## Task requirements
Locate "批判・判断・判決・裁判のように、共通する漢字は「判」です。" in the data below, then output the line it is on and all following lines through the last, word for word. Skip any pictures.
*** Data Section Begins ***
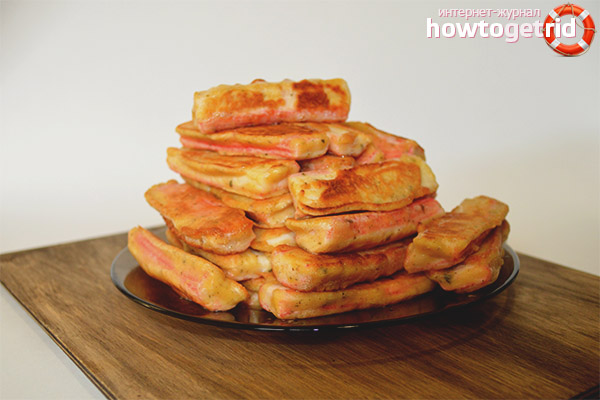 Tout le monde aime cette recette, alors assurez-vous de la mettre en service. Les bâtonnets de crabe sont trempés dans la pâte au fromage et frits. Si vous souhaitez améliorer la variation, déroulez les abats et farcissez-les de garniture à l'ail et au fromage. Plongez ensuite dans la pâte au fromage.
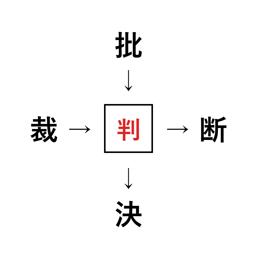 批判・判断・判決・裁判のように、共通する漢字は「判」です。
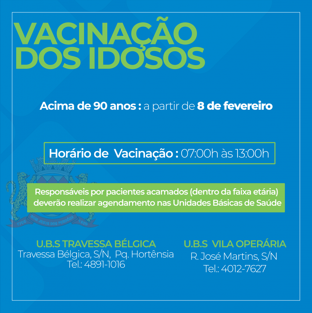 Se você é responsável por algum idoso acamado com idade acima 90 anos, entre em contato com uma das Unidades Básicas de Saúde para realizar um agendamento.
*** Data Section Ends ***
## Response box
 批判・判断・判決・裁判のように、共通する漢字は「判」です。
 Se você é responsável por algum idoso acamado com idade acima 90 anos, entre em contato com uma das Unidades Básicas de Saúde para realizar um agendamento.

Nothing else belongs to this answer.